New York Central's insured was sued for personal injuries allegedly caused when he negligently opened his car door and struck the underlying plaintiff. New York Central denied liability coverage under the plaintiffs' personal automobile policy based on its position that the incident was not an "automobile accident", and the plaintiffs commenced this declaratory judgment action for defense and indemnification coverage.

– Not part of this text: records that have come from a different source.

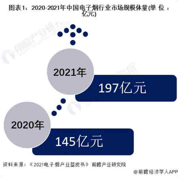電子煙誕生已有近20年,但從小眾亞文化走向大眾生活卻只是近5年的事。隨著近期各類監管政策發布,中國電子煙行業也站重要的歷史節點。2021年12月17日,在第五屆國際電子煙產業高峰論壇上,電子煙行業媒體卷卷智庫與電中國電子商會電子煙行業委員會在論壇上發布了《2021電子煙產業藍皮書》。根據《2021電子煙產業藍皮書》的數據,2021年中國電子煙行業的市場規模達到了197億元,同比增長36%。
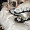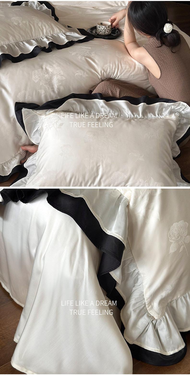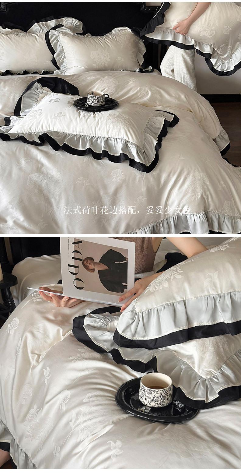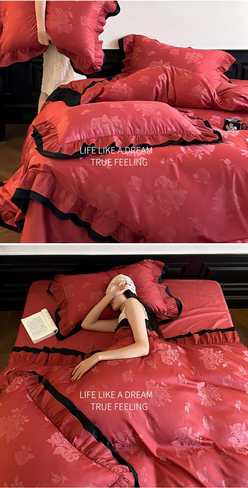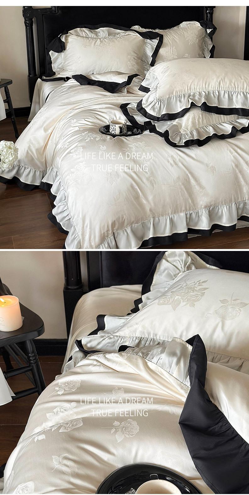 Edredón de algodón jacquard romántico de cuatro piezas con diseño de rosas, estilo francés retro, de fibra larga, 100S
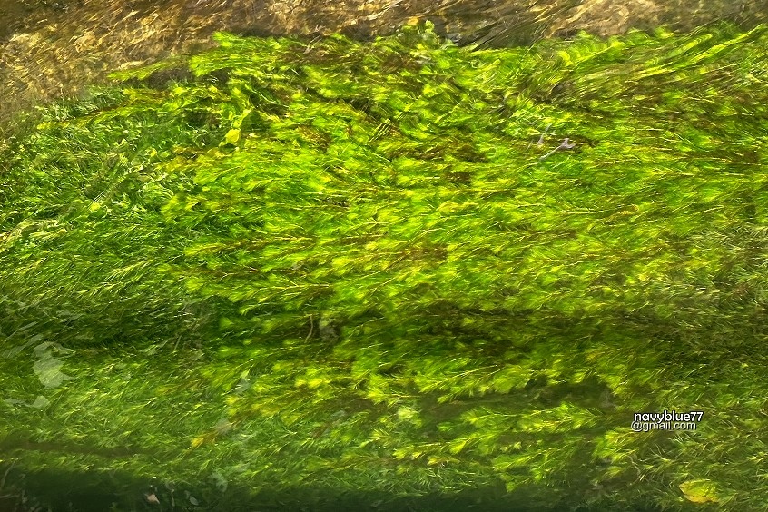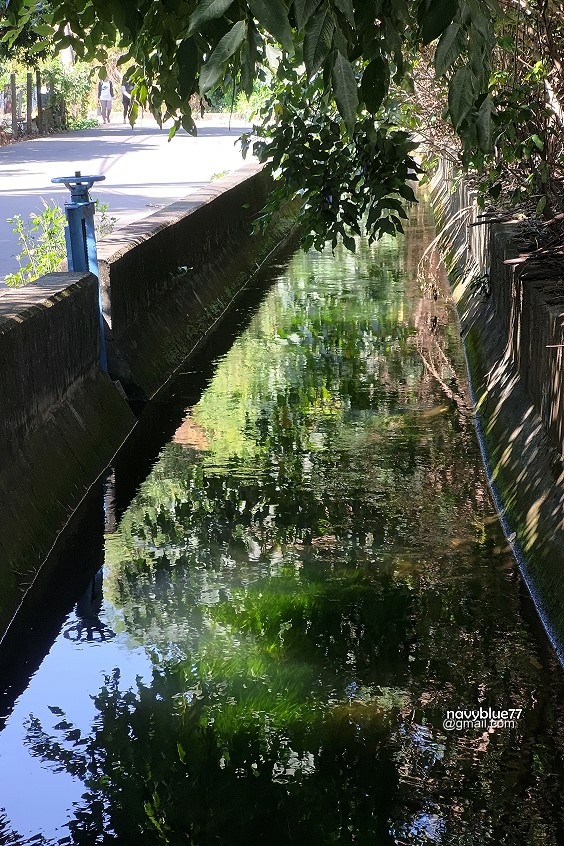 知高圳的水十分清澈,圳溝中有兩種水草油油的招搖著,十分美麗。
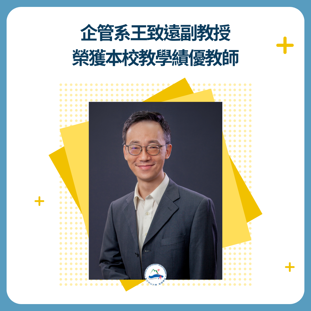 恭喜企管系王致遠副教授🎉、人管所王豫萱助理教授🎉榮獲本校教學績優教師

In REVERSING Oneida County Supreme's order granting summary judgment to New York Central and declaring that New York Central has a duty to defend the Hendersons in the underlying personal injury action, the Fourth Department held:
"It is well settled that an insurance company's duty to defend is broader than its duty to indemnify. Indeed, the duty to defend is exceedingly broad and an insurer will be called upon to provide a defense whenever the allegations of the complaint suggest . . . a reasonable possibility of coverage . . . If, liberally construed, the claim is within the embrace of the policy, the insurer must come forward to defend its insured no matter how groundless, false or baseless the suit may be" (Automobile Ins. Co. of Hartford v Cook, 7 NY3d 131, 137 [internal quotation marks omitted]; see Seaboard Sur. Co. v Gillette Co., 64 NY2d 304, 310). Here, the complaint in the underlying action alleges negligent conduct covered by the policy issued by NYCM, and thus we agree with plaintiffs that NYCM has a duty to defend them in that action. We reject NYCM's contention that the allegations in the underlying complaint do not fall within the meaning of the term "automobile accident" in the policy. Indeed, the policy does not define that term, and all insurance policies covering vehicles in New York must, at a minimum, cover "injuries to person or property resulting from negligence in the use or operation of such vehicle" (Vehicle and Traffic Law § 388 [1]; see § 388 [4]; see also 11 NYCRR 60-1.1 [a]). We note in any event that the "act of opening the [vehicle] door in order to exit the vehicle constitutes use and operation' of a vehicle pursuant to Vehicle and Traffic Law § 388" (Cohn v Nationwide Mut. Ins. Co., 286 AD2d 699, 700; see generally Argentina v Emery World Wide Delivery Corp., 93 NY2d 554, 558-561), and thus that act " suggests . . . a reasonable possibility of coverage' " that invokes NYCM's duty to defend plaintiffs in the underlying action (Automobile Ins. Co. of Hartford, 7 NY3d at 137).

The court further erred in declaring that NYCM has no duty to indemnify plaintiffs. As noted, the complaint in the underlying action alleges negligent conduct on the part of James Henderson and, if he accidentally or negligently caused Prave's injuries while opening the driver's door, that event may be considered an "automobile accident" within the meaning of the policy (see generally Argentina, 93 NY2d at 558-560; Cohn, 286 AD2d at 700-701). The remaining evidence submitted by NYCM in support of its cross motion is insufficient to meet its burden of establishing that it has no duty to indemnify plaintiffs (see generally Alvarez v Prospect Hosp., 68 NY2d 320, 324), and we thus conclude that the court erred in determining as a matter of law that NYCM had no such duty. Rather, "that determination will abide the trial" in the underlying action (Automobile Ins. Co. of Hartford, 7 NY3d at 138).

1 comment:

Anonymous said...

Hope this sends a message to NYCM that they cannot have it their way. It is especially true when this insurance company purchases an adjusting company and thinks the general public will believe that NYCM can be INDEPENDENT in their adjudication of claims and equally important - FAIRNESS?

Congratulations to Mr. Mura for a job well done.